Again, there’s nothing wrong with a lunch program. It’s just that you don’t win elections by promising to give other people free lunches. For the average person, life in Toronto sucks in innumerable ways. Traffic is a nightmare, public transit is crappy and overpriced, housing is too expensive, air quality is terrible, schools are underfunded and there is practically no busing, programs are oversubscribed, daycares are all full, you have to shovel your own snow, and it’s practically impossible to get out of town on weekends. If you want to become the mayor, you need to be able to say to the average voter, “this is how I’m going to make your life suck a bit less.” And at the end of a four year term, you need to be able to say “this is how I made your life better.” If you can’t, people will get angry, and will elect someone like Rob Ford, who at least promises to cut their taxes.


Lessons for the left from Olivia Chow’s faltering campaign — 4 Comments

  1. Seems to me you really ought to introduce yet another gradation. Many positions on what you’d represent as “hard” left, and even a few on the “hard” right (although much fewer given the relative numbers of rich and poor) actually increase utility even though they’re not “Pareto efficient”. After all, your “centre left/right” span only includes solutions or positions that make nobody worse off overall. I’ll leave aside the point that there are actually hardly any solutions to any public policy question that genuinely meet that qualification.
    The point is, outside the “Pareto efficient” zone where it is not the case that even one person is worse off, you can very well have solutions that make, say, one person worse off and a thousand people better off. You can even(both in theory and, quite often, in practice) have solutions whose net benefit is greater than any of the Pareto-efficient ones. In practice I say, because in practice most solutions to any given problem that aren’t half- or quarter-measures, will make somebody worse off. So if you want to do something very useful overall, you’re generally going to have to gore somebody’s ox.
    I’d want to argue that there is a distinction between a (leftist or, hypothetically, rightist) who will only advocate non-Pareto-efficient outcomes if the benefit is solidly greater than the penalty, and an ideologue who will advocate in favour of their “side” (the poor or the rich) even if the net outcome is negative, with penalties to more people than benefit.
    Again, in practice, this forms the major distinction between “hard” left and right which makes something of a mockery of nice evenly split graphs like yours: Most “hard” leftists, whether on purpose or simply as a by-product of advocating for the larger group, push solutions which, while they will disadvantage the rich, will advantage the poor a lot more both in numbers affected and average change in utility. Whereas most hard rightists push for policies which benefit a relatively small number of people and give them only positional goods, at the expense of creating very considerable quality of life problems for quite large numbers of people, or even causing large numbers of premature deaths.

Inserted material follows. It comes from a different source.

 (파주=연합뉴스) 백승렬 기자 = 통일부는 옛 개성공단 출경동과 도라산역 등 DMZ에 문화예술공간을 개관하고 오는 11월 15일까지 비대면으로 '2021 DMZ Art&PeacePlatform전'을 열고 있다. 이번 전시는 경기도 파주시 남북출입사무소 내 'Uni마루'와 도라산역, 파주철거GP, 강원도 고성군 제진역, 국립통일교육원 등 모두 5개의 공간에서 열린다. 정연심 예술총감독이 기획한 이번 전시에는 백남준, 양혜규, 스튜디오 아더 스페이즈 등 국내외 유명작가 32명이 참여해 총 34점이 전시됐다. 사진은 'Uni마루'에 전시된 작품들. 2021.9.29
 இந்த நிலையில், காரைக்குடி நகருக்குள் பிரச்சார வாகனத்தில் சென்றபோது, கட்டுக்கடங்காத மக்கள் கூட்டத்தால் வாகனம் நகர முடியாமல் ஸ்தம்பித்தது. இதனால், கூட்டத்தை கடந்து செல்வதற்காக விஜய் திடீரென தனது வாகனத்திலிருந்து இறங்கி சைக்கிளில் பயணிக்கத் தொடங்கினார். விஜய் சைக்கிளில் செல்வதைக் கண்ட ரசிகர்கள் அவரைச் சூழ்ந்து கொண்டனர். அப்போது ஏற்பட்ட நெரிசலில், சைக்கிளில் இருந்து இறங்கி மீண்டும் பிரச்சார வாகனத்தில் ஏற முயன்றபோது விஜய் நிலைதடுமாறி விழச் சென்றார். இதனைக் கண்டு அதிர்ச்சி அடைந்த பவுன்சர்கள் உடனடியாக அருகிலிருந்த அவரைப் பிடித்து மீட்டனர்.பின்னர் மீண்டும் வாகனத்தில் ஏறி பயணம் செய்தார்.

    None of this touches the analysis of Chow’s politics and optics, which I can’t really speak to.

  2. It’s an interesting argument. I’m not sure to what extent it explains Chow’s policies, but I tend to agree that if she’d made infrastructure improvements – transit expansion, better service, schools, parks, etc – the centrepiece of a broader platform she might still be winning this. I don’t really understand why she didn’t do that, especially since Tory’s plan represents both a flipflop on the DRL and an untenable fiscal plan.

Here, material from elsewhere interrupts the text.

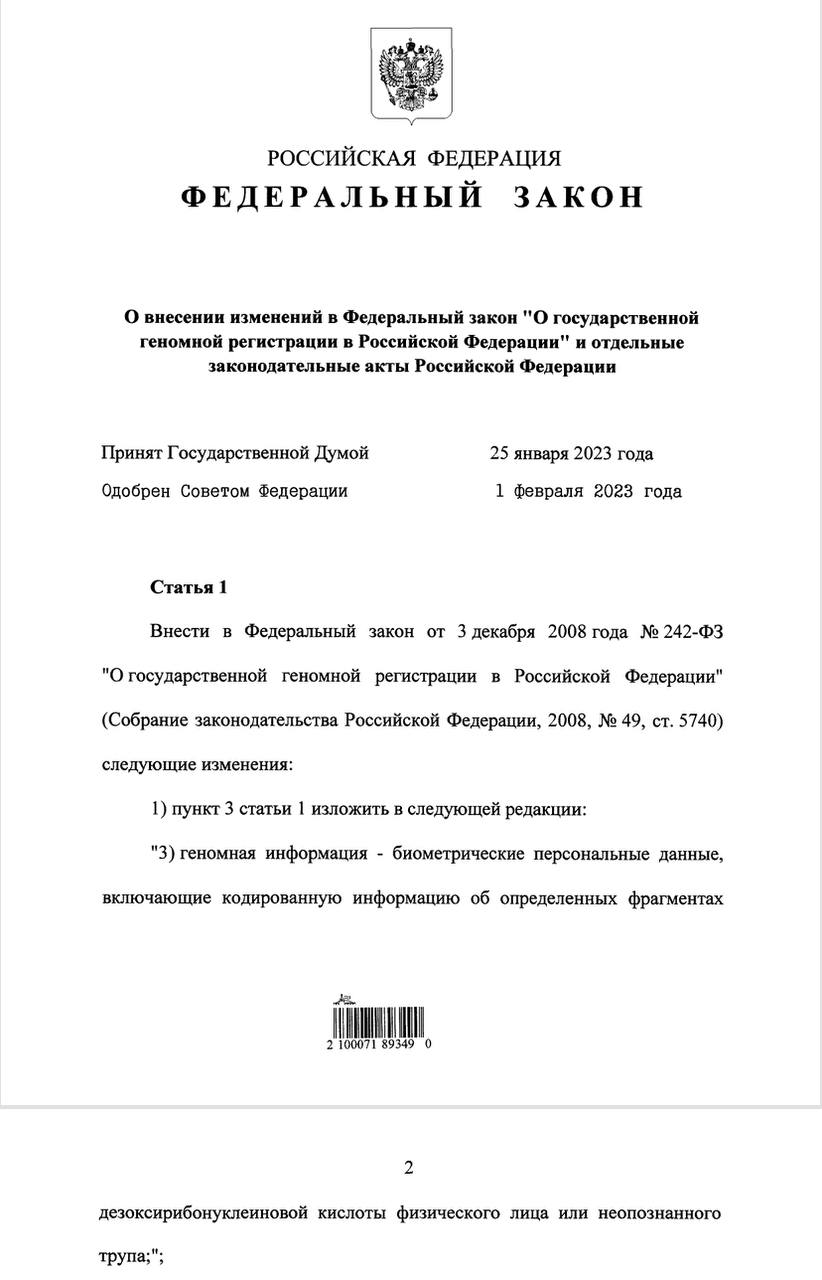 Для общей информации. Официально опубликован Федеральный закон от 06.02.2023 № 8-ФЗ «О внесении изменений в Федеральный закон «О государственной геномной регистрации в Российской Федерации» и отдельные законодательные акты Российской Федерации», который прямо признает геномную информацию биометрическими персональными данными.

  3. Here’s a much simpler analysis: the NDP just doesn’t have very good strategists.

    The Chow campaign adds one more data point to the recent elections in BC, ON, and NS, plus the loss (or near-loss) of byelections in Trinity-Spadina, and earlier, in Victoria.

    From out on the west coast, it’s hard to know in detail what’s going on in Toronto. But I note that some local observers don’t see Chow’s problem as one of excessive leftism: https://storify.com/karengeier/dear-olivia-chow

    The NDP seems to be using these recent campaigns as iterative attempts to perfect a consistently losing formula: simulate squishy centrism just enough to demotivate traditional supporters, but not convincingly enough to attract wavering (L)(l)iberals.